- Born: 23 October 1953 (age 72) Gap, France
- Education: École normale supérieure
- Awards: Prix Élie Cartan
- Scientific career
- Fields: Mathematics
- Workplaces: Paris-Saclay University
- Doctoral advisor: Michel Duflo Paul Gérardin

= Laurent Clozel =

French mathematician (born 1953)

Laurent Clozel (born 23 October 1953 in Gap, France) is a French mathematician and professor at Paris-Saclay University. His mathematical work is in the area of automorphic forms, including the Langlands program.

== Career and distinctions ==

Clozel was a student at the École normale supérieure and later obtained a Ph.D. under Michel Duflo and Paul Gérardin.

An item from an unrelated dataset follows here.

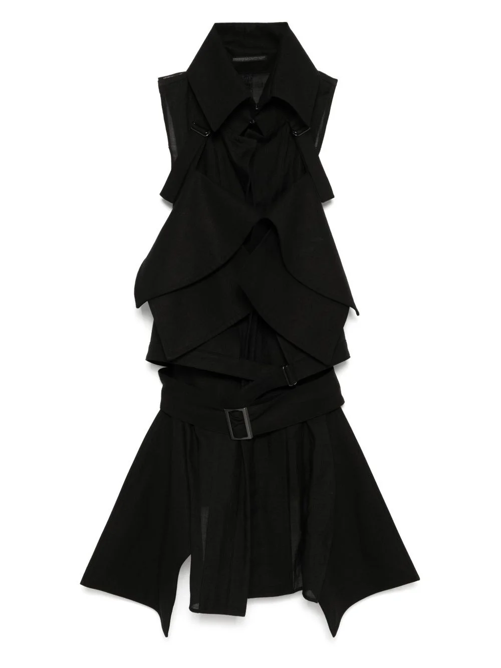 belted jacket Highlights - Black - Concealed front press-stud fastening - Strap fastening - Sleeveless - Asymmetric hem Imported Composition Hemp 55%, Cotton 45% SIZE & FIT Model measurements Height 5 ft 9 in(1.76 m) Bust/Chest 31.1 in(79 cm) Hips 35.03 in(89 cm) Waist 24.4 in(62 cm) FittingInformation Designed for a slim fit that sits just away from the body offering a close yet comfortable fit The belt offers adjustability for fitted preferences Made from a midweight non-stretch fabric Washing instructions Dry Clean Only

He received the Prix Élie Cartan of the French Academy for his work on base change for automorphic forms. He was an invited speaker at the 1986 International congress of mathematicians in Berkeley, talking about "Base change for GL(n)".

Together with Richard Taylor, Nicholas Shepherd-Barron, and Michael Harris he proved the Sato–Tate conjecture.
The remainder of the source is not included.